Records to process>
=== Begin Enclosure ===

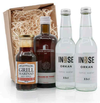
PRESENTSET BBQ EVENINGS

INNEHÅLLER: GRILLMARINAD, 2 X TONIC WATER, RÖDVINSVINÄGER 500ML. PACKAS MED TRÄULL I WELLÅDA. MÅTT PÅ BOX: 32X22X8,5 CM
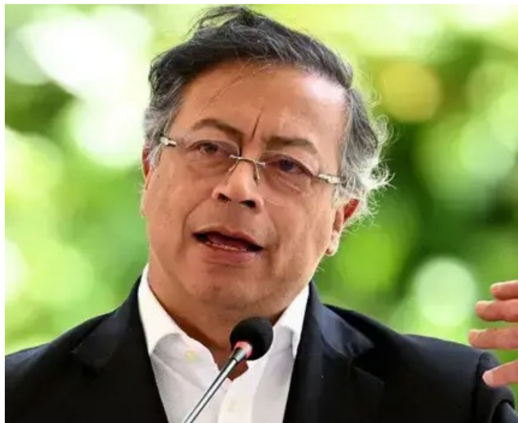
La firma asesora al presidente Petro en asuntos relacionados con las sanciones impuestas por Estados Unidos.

=== End Enclosure ===
=== Begin Enclosure ===

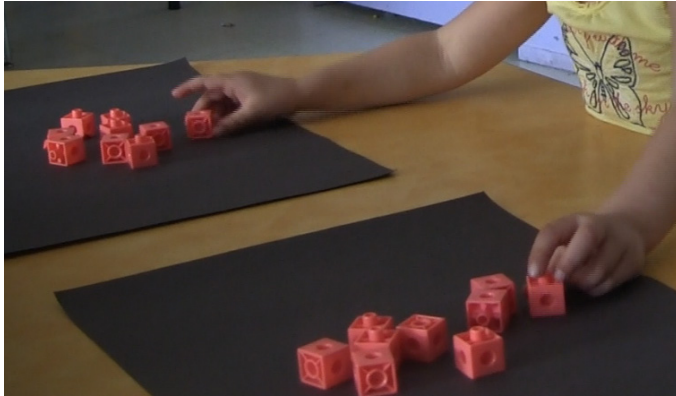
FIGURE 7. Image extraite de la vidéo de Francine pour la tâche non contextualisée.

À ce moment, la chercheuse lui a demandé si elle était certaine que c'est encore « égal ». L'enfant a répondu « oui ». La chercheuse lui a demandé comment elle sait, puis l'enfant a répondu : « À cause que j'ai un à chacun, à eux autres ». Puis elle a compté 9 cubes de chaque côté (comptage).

=== End Enclosure ===
=== Begin Enclosure ===

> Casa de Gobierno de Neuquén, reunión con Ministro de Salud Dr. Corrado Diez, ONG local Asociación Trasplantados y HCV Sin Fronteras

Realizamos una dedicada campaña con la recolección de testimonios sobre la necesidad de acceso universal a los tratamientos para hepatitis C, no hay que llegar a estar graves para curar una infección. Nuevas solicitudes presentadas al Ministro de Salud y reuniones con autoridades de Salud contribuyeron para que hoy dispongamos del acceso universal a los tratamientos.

=== End Enclosure ===

Task description> In the listing above, find the line with "INNEHÅLLER: GRILLMARINAD, 2" and the line with "La firma asesora". Copy exactly those lines and all between them, minus the images.

Expected answer>
INNEHÅLLER: GRILLMARINAD, 2 X TONIC WATER, RÖDVINSVINÄGER 500ML. PACKAS MED TRÄULL I WELLÅDA. MÅTT PÅ BOX: 32X22X8,5 CM
La firma asesora al presidente Petro en asuntos relacionados con las sanciones impuestas por Estados Unidos.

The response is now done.